Lors de la génération d’empreintes métaboliques, moins de 20 % des signaux d’intérêt sont généralement annotés (Blaženović et al., 2018). Par conséquent, l’élucidation structurale du reste des métabolites non-annotés, soit inconnus, est un enjeu majeur pour une meilleure connaissance du métabolome de l’organisme étudié. Des études plus approfondies sont donc essentielles pour identifier de nouveaux métabolites ce qui nécessite l’utilisation, voire la combinaison, de méthodes analytiques plus adaptées (ex. RMN, marquage isotopique, techniques de dérivation chimique, MS/MS ou MSn) et d’outils de calcul et de prédiction pour interpréter les données spectrales expérimentales d’ions fragmentés (Rathahao-Paris et al., 2015). L’une des approches pour l’élucidation structurale de métabolites inconnus est la construction de réseaux moléculaires basés sur les similarités spectrales (spectres de fragmentation issus d’analyses MS/MS). La plateforme en ligne Global Natural Product Social Molecular Networking (GNPS, https://gnps.ucsd.edu/) a été développée pour l’analyse et le partage de données spectrales et ainsi permettre la construction de tels réseaux moléculaires (Wang et al., 2016). Le principe de base sur lequel repose GNPS est l’hypothèse selon laquelle les molécules de structure similaire se fragmenteront de la même manière lors de l’acquisition de données MS/MS.

74 Par conséquent, deux molécules structurellement apparentées auront probablement des spectres d’ions fragmentés similaires. L’algorithme de GNPS compare automatiquement tous les spectres MS/MS en les alignant un par un et leur assigne grâce à une fonction cosinus un score, le cosine score, compris entre 0 (aucune similitude entre les spectres) et 1 (spectres identiques) pour chaque alignement.
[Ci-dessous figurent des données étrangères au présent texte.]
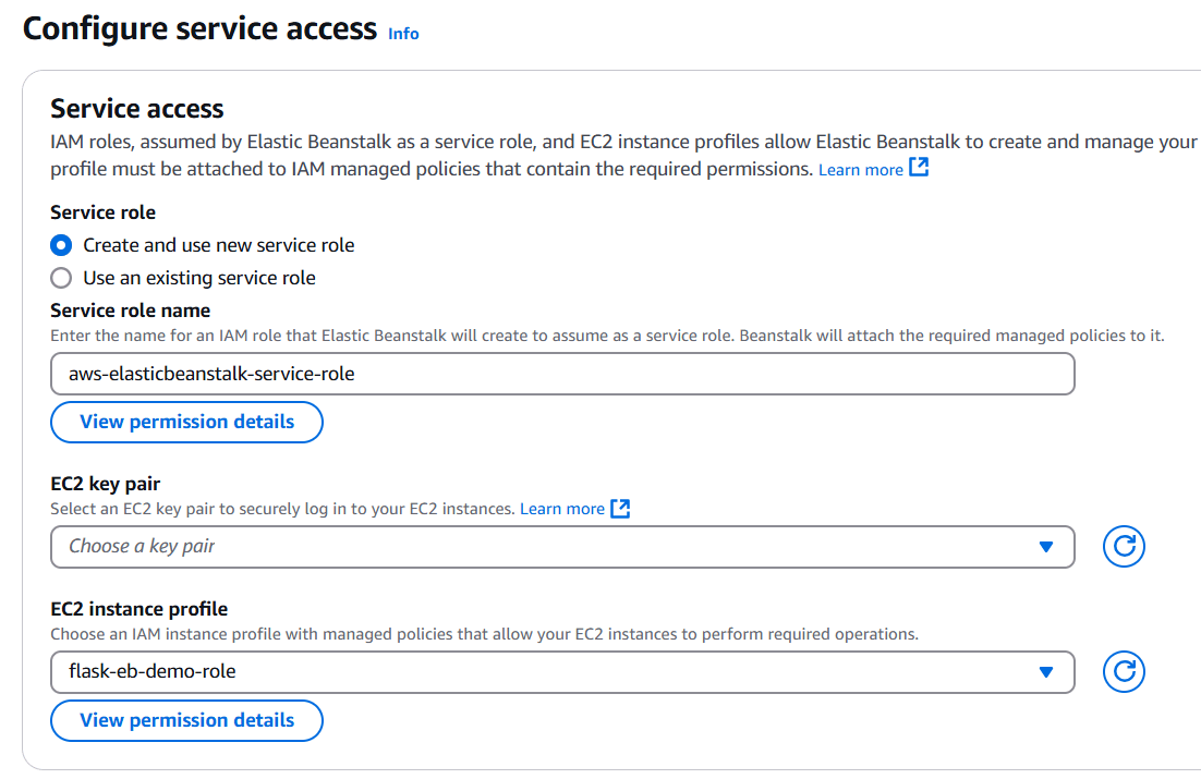 Press Continue until you end up at Configure service access. Pick Create and use new service role. Under EC2 instance profile, choose our newly created profile.
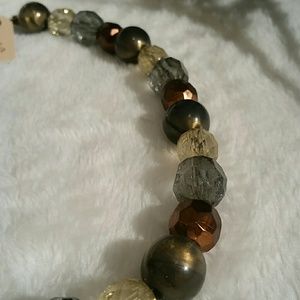 Golds, cream, and green mixed together to make the perfect combination. This necklace would be perfect paired with a longer layering necklace to accent the beading! Total length end to end including difference for clasp options 15.5 - 16.75"

Un filtre peut ensuite être appliqué pour ne conserver uniquement les molécules ayant un cosine score élevé (génralement > 0,6) et un nombre suffisant de fragments partagés (généralement > 5). Le réseau moléculaire peut ensuite être exporté vers le logiciel Cytoscape pour en améliorer sa visualisation et son exploitation. Ainsi, chaque nœud (node) du réseau correspond à un spectre de fragmentation, soit une molécule, relié entre eux par des lignes (edge) plus ou moins épaisses selon leur degré de similarité. La visualisation du réseau moléculaire permet de cette manière d’observer des groupes de spectres MS/MS correspondant à des familles moléculaires de métabolites structurellement liées. Lorsqu’au sein d’un groupe un ou plusieurs spectres ont été au préalable identifiés, il est possible d’annoter les autres spectres analogues plus rapidement obtenant ainsi une annotation putative de leur structure (annotation de niveau 3), en attendant leur confirmation.

Une fois les métabolites d’intérêt identifiés, il est nécessaire de les replacer dans leur contexte biologique afin de fournir une interprétation en lien avec la question de recherche posée. L’interprétation biologique des données métabolomiques doit si possible intégrer les causes biochimiques des changements métaboliques ainsi que leurs conséquences physiologiques sur le système biologique étudié.